Любая «Ars poetica» – ботва.

Глагол «творить» –

из речевого обихода божества

и в переводе означает...


Елена ерзает:

– Маш, не могла бы покороче?

Так писать хочется – нет мочи.


Мария гнет свое:

– ... и в переводе означает:

ни в чем и никогда себя не повторить!


– Ну все, конец терпенью моему. – Елена убегает.


Мария сигарету зажигает

и вся – как Пифия – в дыму.


Тут просыпается Людмила:

– А мне стихи Есенина читал один солдатик –

он был в постели настоящий акробатик

и фото с надписью оставил на прощанье.

Сейчас я вспомню... как там?.. «Будто я весенней гулкой ранью

скакал на розовом коне... » Вот так я, девочки, влюбилась.


Сказала – и по новой отрубилась.


Елена возвращается и говорит:

– Пить надо меньше Людке.

Хотя, конечно, мужики – ублюдки.


Мария ей в ответ:

– Ну как всегда

глас вопиющего в пустыне раздается.

Цель творчества – ... Да слушай ты сюда!..

понять, что жизнь лишь раз дается.

О да, не властны мы в своей судьбе,

но вариантов ритмики до черта.

И если уж писать, так только о себе.

А если замуж, так за лорда!


И смотрит почему-то на меня.


Затрепетала вдруг Елена. Из дверей подмигивал ей давешний джигит:

– Иди скАрей!


Елена, вняв призыву, встает, приглаживает гриву, на улицу выходит и зашла

за куст, – слышны оттуда визги, веток хруст; вот возвращается минут через пяток, кипит как кипяток и говорит:

– Трусы порвал, скотина. Нет, я одно сказать могу,

что магия стиха рождается в мозгу. Как ни сходи с ума, ты все внутри ума, суди

сама. Все дело в композиции, в расположении частей, в подборе слов. Сюжет же может быть не нов.


Мария в бешенстве:

– Ты отдышаться не успела после ебли и, надо же, в такие лезешь дебри!
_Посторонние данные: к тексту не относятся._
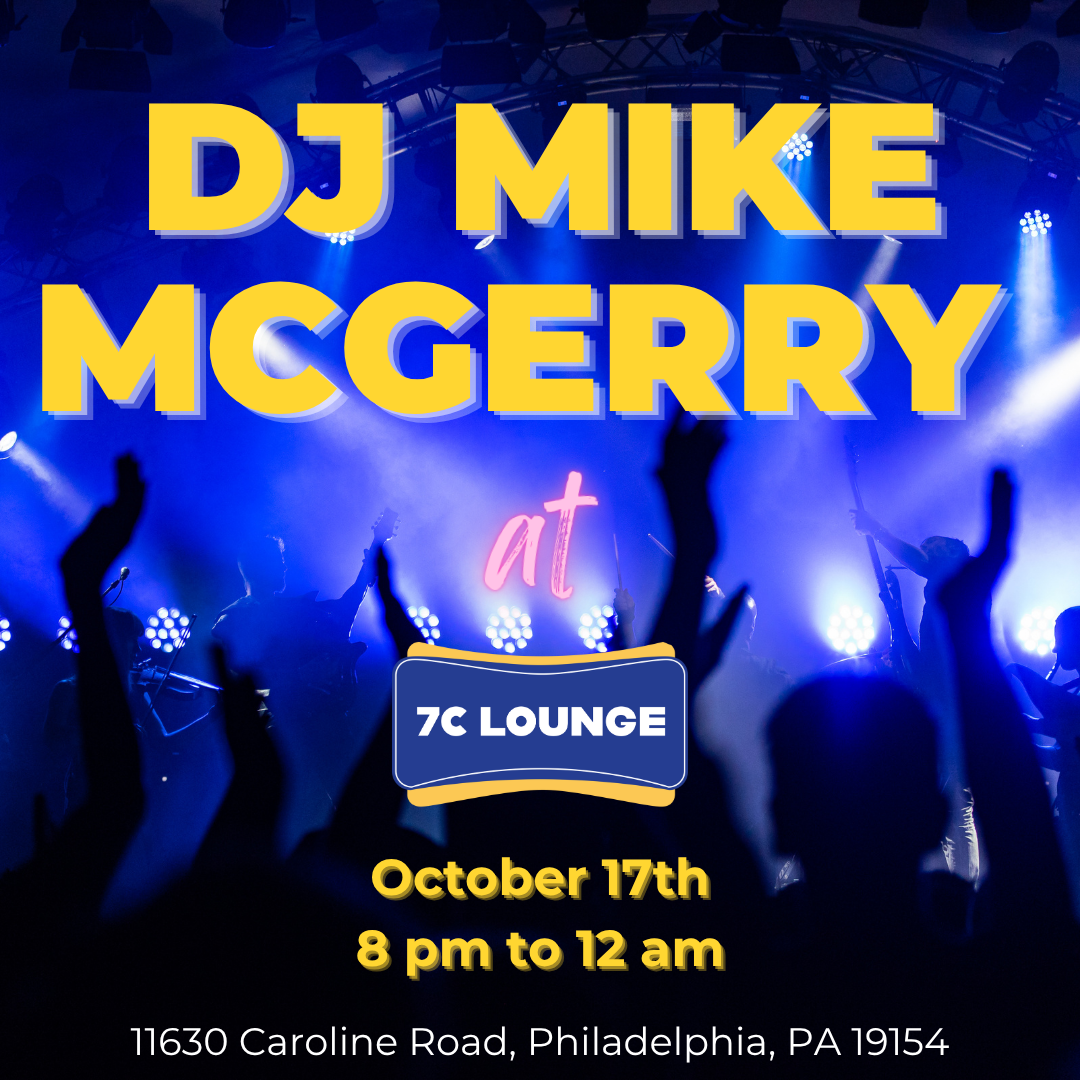 Catch DJ Mike McGerry at 7C Lounge on Friday, October 17 from 8 PM to 12 AM. Great music, full bar, good vibes—grab your crew and a table early.📍 11630 Caroline Road, Philadelphia, PA 19154

Дала бы я тебе как следует по шее! Прикинь, в процессе творчества участвует Психея!..


Но тот же гражданин, неутомим, теперь сигналит Маше.
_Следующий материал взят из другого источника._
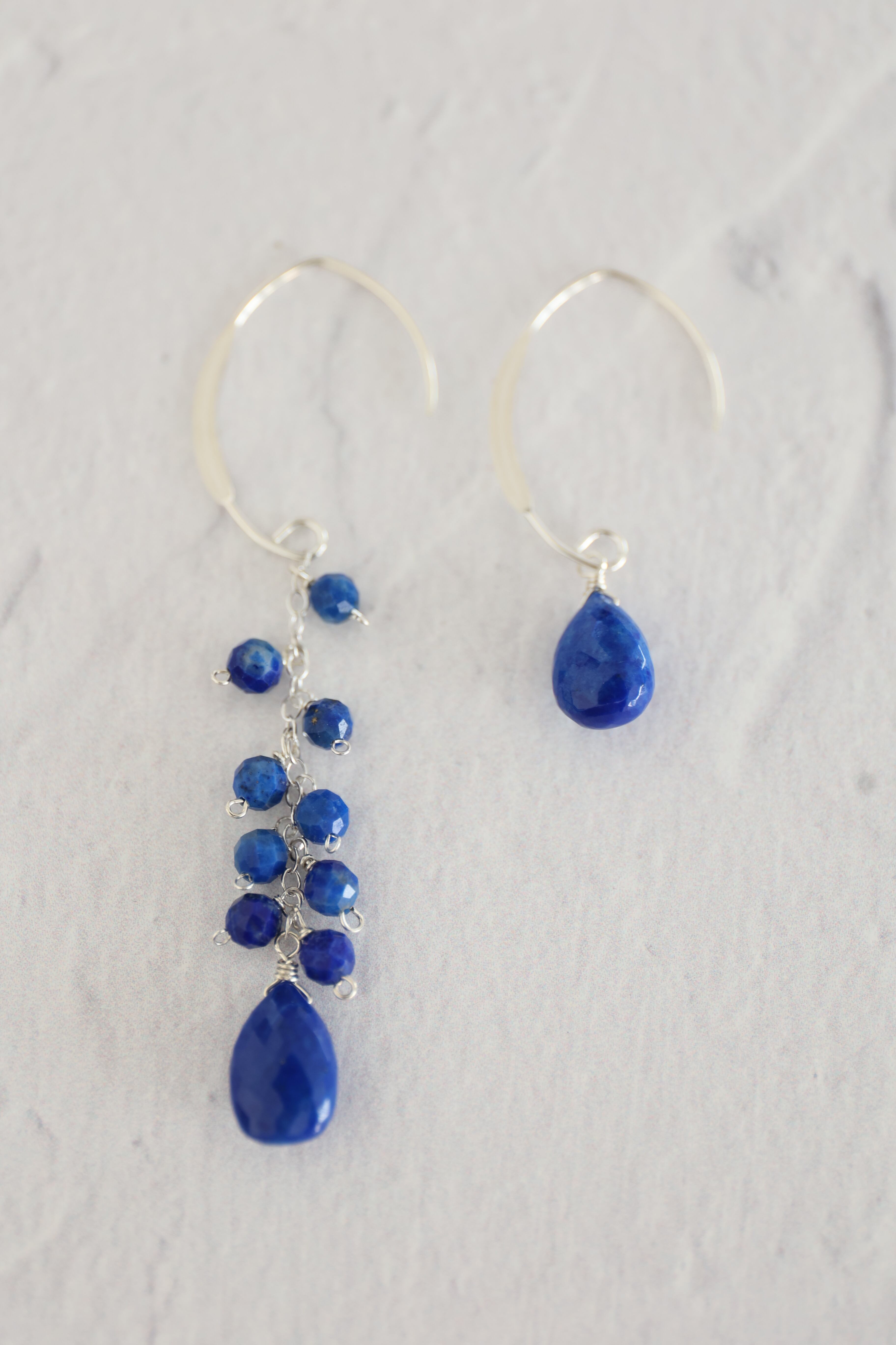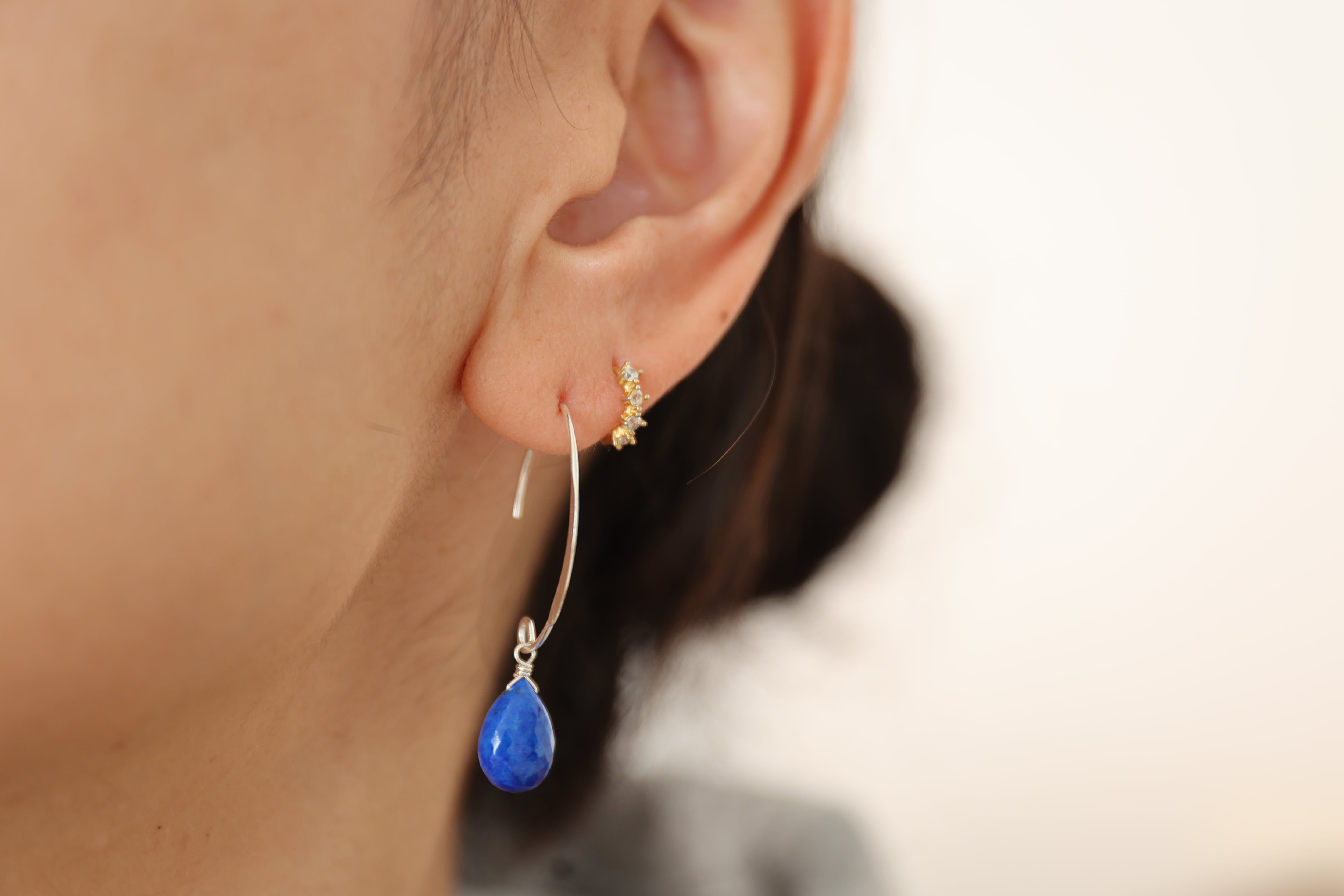 動くたびに深いブルーの中で光を反射し、耳元を印象的に彩ります。

– Ну ты и мим! – она бежит за куст. Слышны оттуда писк, визг, веток хруст.

Вернулась красная как мак (и рак).

– И мне порвал трусы, дурак, – хихикает смущенно. – Так вот, цель творчества...


Тут пассажиров на посадку вызывают. Мария тормошит Людмилу. Та встает,

потягивается, зевает и гражданину в кепке пальчиком грозит:

– Ну ты артист!


Елена подхватила саквояжи. И вот уж след простыл подруг, они летят на юг, на юг, и в черных небесах над зданием аэропорта гул, грохот, свист...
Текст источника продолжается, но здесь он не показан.